14.3 X-Ray Leads has the right to revise and amend these Terms from time to time to reflect changes in market conditions, technology, payment methods, relevant laws and regulatory requirements and changes in its system’s capabilities or obligations to other third parties. The End User will be subject to the policies and Terms in force at the time the End User enters into a Contract with X-Ray Leads (or any renewal of subscription with X-Ray Leads under these Terms is completed), unless any change to those policies or these Terms is required to be made by law or government authority (in which case it will apply to the End User’s subscription as from the date of such change), or if X-Ray Leads notifies the End User of the change to those policies or these Terms before the End User subscribes or continues or renews its subscription with X-Ray Leads (in which case X-Ray Leads has the right to assume that the End User has accepted the change to the Terms, unless the End User notifies X-Ray Leads to the contrary within seven (7) working days of registration or renewal).
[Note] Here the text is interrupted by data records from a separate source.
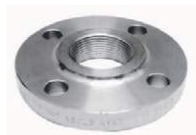
FLANCHE NPT SS304 150L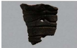
6 1-7 出土土器 (第 479 图 54)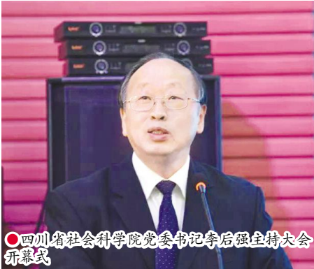
四川省社会科学院党委书记李后强主持大会开幕式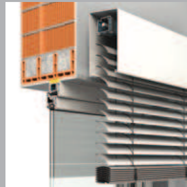
Konzolos rendszer szögletes védőtetővel (lekerekített formában is kapható)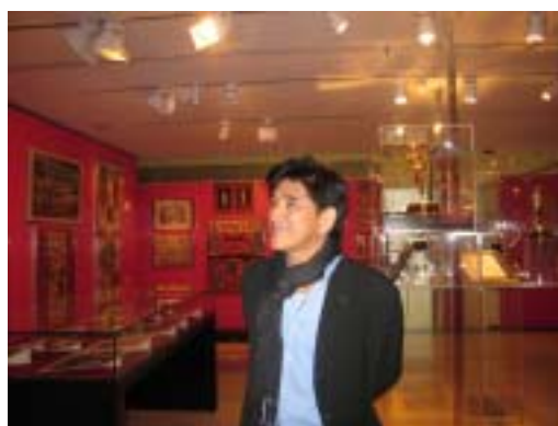
▲ 參觀紐約公立表演藝術圖書館

即使在全球化的趨勢下，世界各地優異且具特色的文化內涵仍受重視，文化是從生活經驗中表達想法、發揮特色。「台灣走出去，世界走進來」，展望未來，重新檢視國際文化，培育及延攬行政人才、建立海外文化中心代表地位、開發長期穩定專業合作關係，逐步拓展台灣文化網絡，累積文化外交實力，保有特色，發揮藝術能量，彰顯國際文化交流績效。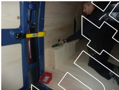
Placez et vissez le passage de roue Gauche 6 vis 4x30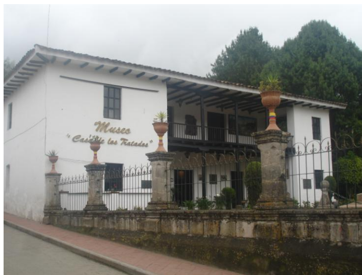
Museo "Casa de los Tratados" Girón

Los hijos de Girón participaron decididamente en la luchas independistas, es así que en la Batalla de Pichincha de los 800 soldados patriotas, 90 eran de Girón. Por esta razón, Sucre le nombra Cantón el 30 de diciembre de 1822 como reconocimiento a la participación histórica que tuvo en esta gesta libertaria, y nombra como juez político del Cantón Girón al subteniente Lisandro Ordóñez.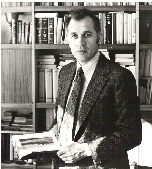
W swojej pracowni, 1975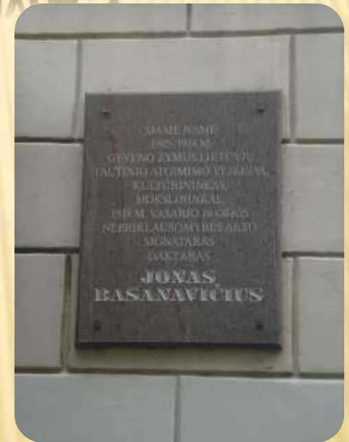
Paminklinė lenta Jonui Basanavičiui Vilniuje, Bokšto gatvėje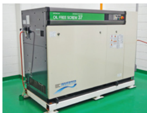
高効率スクリーコンプレッサー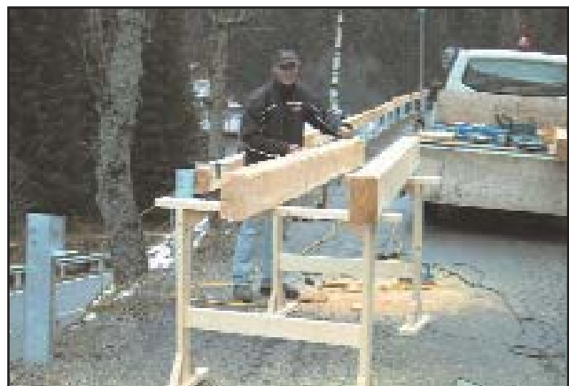
Die Leitschienen an der „Stina Zäune“ werden erneuert

Für zusätzlich benötigte Müllsäcke wird die volle Gebühr verrechnet. Nicht verbrauchte Säcke können auf das Folgejahr nicht angerechnet werden.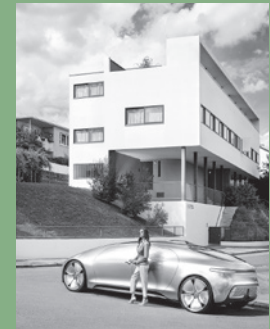
Foto links: Mercedes Classic Archive; Foto rechts: Wirtschaftsförderung Region Stuttgart GmbH (WRS)/Detlef Göckertz. Dieses Foto ist urheberrechtlich geschützt und darf nicht verbreitet oder vervielfältigt werden.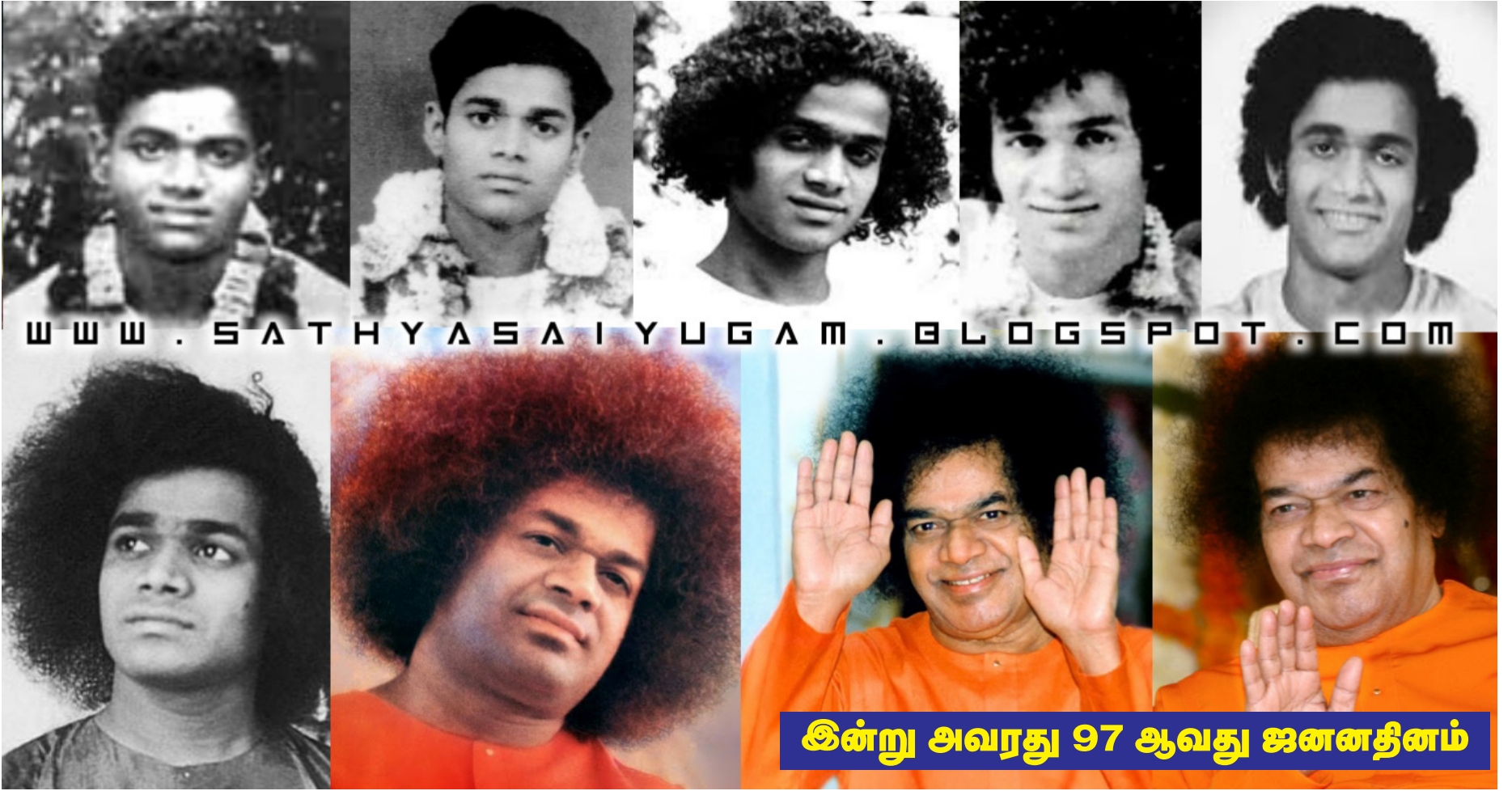
இன்று அவரது 97 ஆவது ஜனனதினம்

— எஸ் .என். உதயநாயகம் — (பகவான் ஸ்ரீ சத்ய சாயி பாபா மத்திய நிலையம் — கொழும்பு)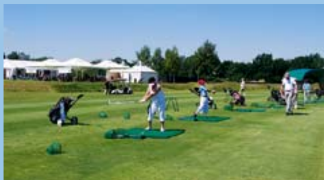
Driving range (pole treningowe długich uderzeń)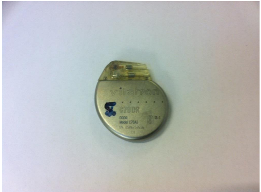
PM 5 Nya krematoriet

14.4 If any provision of this Contract is held to be illegal, void, invalid or unenforceable under the laws of any jurisdiction, the legality, validity and enforceability of the remainder of this Contract in that jurisdiction will not be affected and the legality, validity and enforceability of the whole of this Contract will not be affected in any other jurisdiction.
14.5 No term of this Contract shall be enforceable under the Contracts (Rights of Third Parties) Act 1999 by a third party, but this does not affect any right or remedy of a third party which exists or is available apart from under that Act.
14.6 No failure to exercise, nor any delay in the exercise, by either party to this Contract of any right, power, privilege or remedy under this Contract will impair, or operate as a waiver of, such right, power, privilege or remedy.
14.7 Nothing in this Contract will constitute, or be deemed to constitute, a partnership between the parties nor, except as expressly provided, will it constitute, or be deemed to constitute, any party as the agent of any other party for any purpose.
14.8 This Contract will be governed by, and construed in accordance with, English law and each of the parties irrevocably submits to the exclusive jurisdiction of the English courts (in relation to contractual and non-contractual matters).